Si va stemperando la freddezza di rapporti tra Turchia e Israele, indotta dall'Operazione Piombo fuso del 2009 e, ancor più, dalla crisi della Freedom Flotilla nell'estate 2010. Ora, su stimolo del presidente Usa, Barack Obama, e in nome dei comuni interessi economici e geopolitici, i due governi tornano a parlarsi e a collaborare.
(Milano/c.g.) – Il triennale gelo tra Turchia e Israele sembra sciogliersi anche grazie al turismo. Il quotidiano turco Hurriyet dà notizia, infatti, che gli operatori turistici turchi sono tornati a inserire nei pacchetti dedicati ai turisti russi in Turchia, la visita di un giorno, da mattina a sera, a Gerusalemme. Un viaggio lampo che interessa tanto i turisti russi di religione ortodossa, quanto quelli provenienti dal Kazakhstan, di religione musulmana. Nel frattempo le agenzie israeliane hanno già ripreso a proporre vacanze sulle spiagge turche ai propri connazionali.
Il disgelo tra i due Paesi ha cominciato a manifestarsi verso fine marzo, dopo la visita del presidente americano Barack Obama in Medio Oriente (20-24 marzo). Incoraggiato, a quanto sembra, dall’inquilino della Casa Bianca, il premier israeliano Benjamin Netanyahu ha telefonato al collega turco Recep Tayyp Erdogan, per chiedere ufficialmente scusa dei 9 morti causati dall’arrembaggio della Marina israeliana alla Navi Marmara, il 31 maggio 2010. In quell’occasione una flotta di sei navi salpata dalle coste di Cipro alla volta di Gaza e denominata Freedom Flotilla, venne fermata con la forza dall’esercito israeliano. Gli attivisti internazionali a bordo della Navi Marmara, l’imbarcazione più grande, reagirono con la forza all’assalto dei militari israeliani e lo scontro terminò da una parte, con il ferimento di alcuni militari e, dall’altra, con l’uccisione di 9 cittadini turchi e il ferimento e l’arresto di altre persone imbarcate sulla «Flotta della Libertà». La Turchia pretese invano le scuse del governo di Israele e l’impegno formale a indennizzare le famiglie delle vittime. Davanti al rifiuto di Netanyahu, richiamò in patria l’ambasciatore; cosa che fece, in seguito, anche Israele.
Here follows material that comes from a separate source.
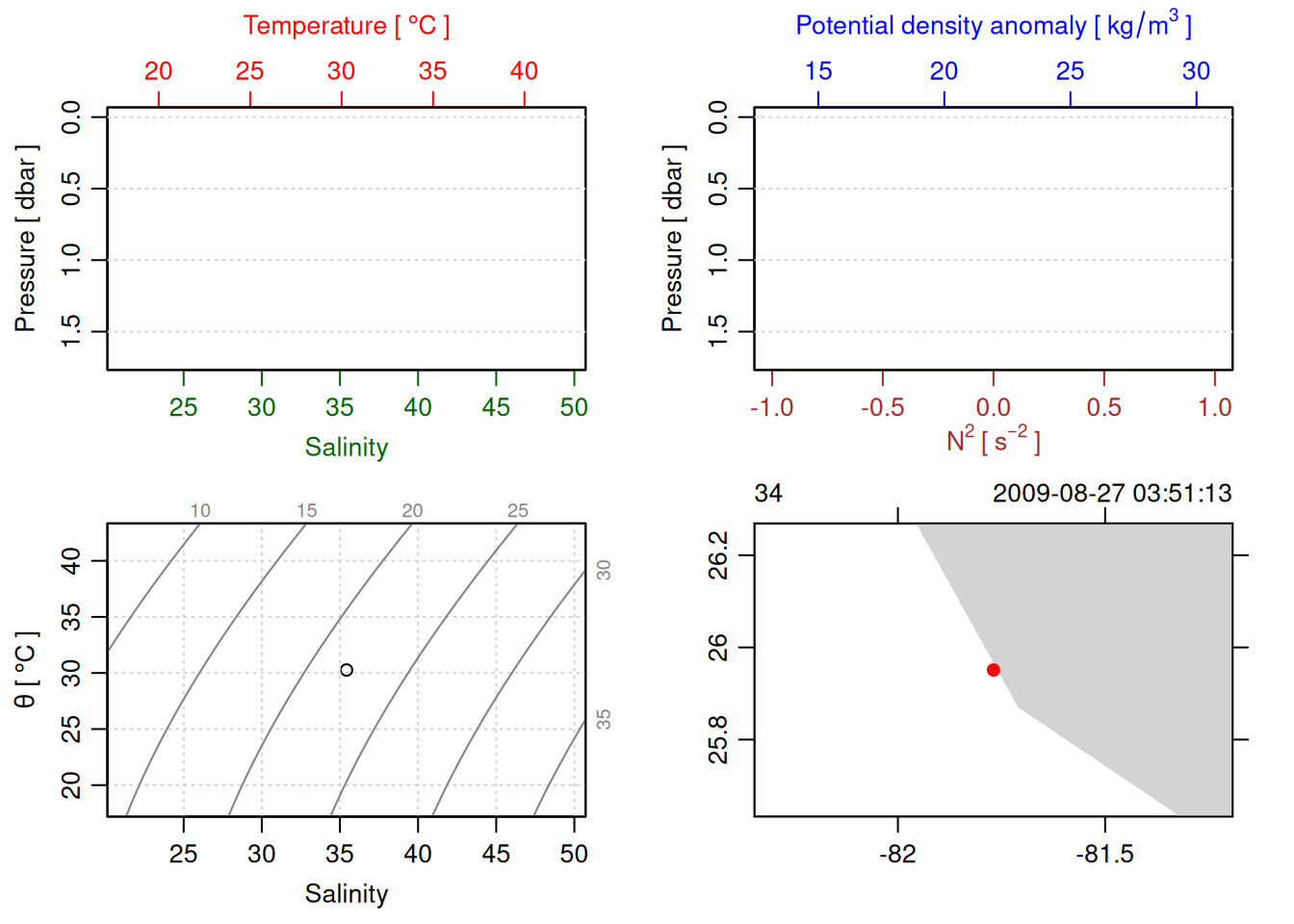 tryCatch({ trimmed_cast <-ctdTrim(cast) decimated_cast <-ctdDecimate(trimmed_cast, p =0.1)# plotting can cause the xlim failureplot(decimated_cast)# === export ===# Get the scan numbers that remain after cleaning cleaned_scans <- decimated_cast@data$scan# Load original raw data to keep all columns ctd_raw <- readr::read_csv(dataFile, show_col_types =FALSE)# Filter raw data to only include the cleaned scans cast_df <- ctd_raw %>%filter(!is.na(sea_water_pressure)) %>%# Remove rows without pressure datamutate(row_num =row_number()) %>%filter(row_num %in% cleaned_scans) %>%select(-row_num)# Add metadata cast_df <-mutate( cast_df,station = station_id,cruise_id = cruise_id )# Check if there are any rows in the cleaned dataif (nrow(cast_df) ==0) {cat("\n=== WARNING: NO DATA AFTER CLEANING ===\n")cat("Cast ID:", params$cast_id, "\n")cat("Station:", station_id, "\n")cat("Cruise:", cruise_id, "\n\n")cat("Raw data rows (with pressure):", sum(!is.na(ctd_raw$sea_water_pressure)), "\n")cat("Cleaned scans to keep:", length(cleaned_scans), "\n")cat("Resulting rows:", nrow(cast_df), "\n\n")cat("Raw data summary:\n")print(summary(ctd_raw[c("sea_water_pressure", "sea_water_temperature", "sea_water_salinity")]))cat("\nCleaned scans (first 20):\n")print(head(cleaned_scans, 20))cat("\n=== CSV FILE NOT CREATED (no data) ===\n\n") } else {# create folder if doesn't exist clean_data_loc <- here::here("data/02_clean")try(fs::dir_create(clean_data_loc))# save ctd to .csv (without row names/indices)write.csv(cast_df, glue("{clean_data_loc}/{params$cast_id}.csv"), row.names =FALSE)cat("Successfully saved", nrow(cast_df), "rows to", glue("{params$cast_id}.csv"), "\n") }}, error =function(e) {cat("\n=== CTD PROCESSING ERROR ===\n")cat("Cast ID:", params$cast_id, "\n")cat("Error message:\n", conditionMessage(e), "\n\n")# Safely inspect objects that might or might not exist when the error happenedif (exists("decimated_cast")) { df <-try(as.data.frame(decimated_cast@data), silent =TRUE)if (!inherits(df, "try-error")) {cat("Dataframe columns:\n")print(names(df))cat("\nSummary of key columns (scan, pressure, temperature, salinity if present):\n") known_cols <-intersect(c("scan", "pressure", "temp", "temperature", "salinity", "conductivity"), names(df))print(summary(df[known_cols], digits =3))cat("\nHead of dataframe:\n")print(head(df)) } else {cat("Could not extract dataframe from decimated_cast.\n") } } else {cat("decimated_cast was never created before the error.\n") }cat("\n=== END ERROR DEBUG INFO ===\n\n")})

I rapporti di collaborazione tra i due Stati si erano però già fatti tesi l’anno prima in seguito all’operazione militare israeliana Piombo Fuso sulla Striscia di Gaza. Partecipando al Vertice di Davos, in Svizzera, il 29 gennaio 2009, il primo ministro turco Erdogan contestò apertamente il presidente israeliano Shimon Peres che prendeva parte con lui a una tavola rotonda e abbandonò il dibattito in segno di protesta.
La necessità di normalizzare i rapporti tra i due Stati è dettata anche da ragioni geopolitiche (la crisi siriana preoccupa entrambi i governi) ed economiche (lo sfruttamento comune degli ingenti giacimenti di gas sottomarino nel braccio di Mediterraneo al largo delle coste israeliane, libanesi, cipriote e turche).
Secondo Hurriyet uno degli interessi che sta spingendo per «la pace» è il progetto della costruzione di un nuovo gasdotto che dovrebbe trasportare il gas israeliano dei giacimenti appena scoperti al largo di Tel Aviv, attraverso la Turchia, verso il mercato continentale europeo. «Possiamo usare l’energia e il gas, oltre al valore commerciale che esso ha, anche per un servizio alla politica e alla diplomazia?», si è chiesto lo scorso 11 aprile Micheael Lotem, speciale inviato dell’energia per il ministero degli Esteri israeliano, in occasione della Turoge, la Dodicesima conferenza internazionale per il gas e il petrolio in Turchia.
«Io penso che dovremmo – ha concluso Lotem –; e se ne parliamo, soprattutto per quanto riguarda Turchia ed Europa, questo rappresenta un valido esempio di come un progetto energetico possa determinare la geopolitica».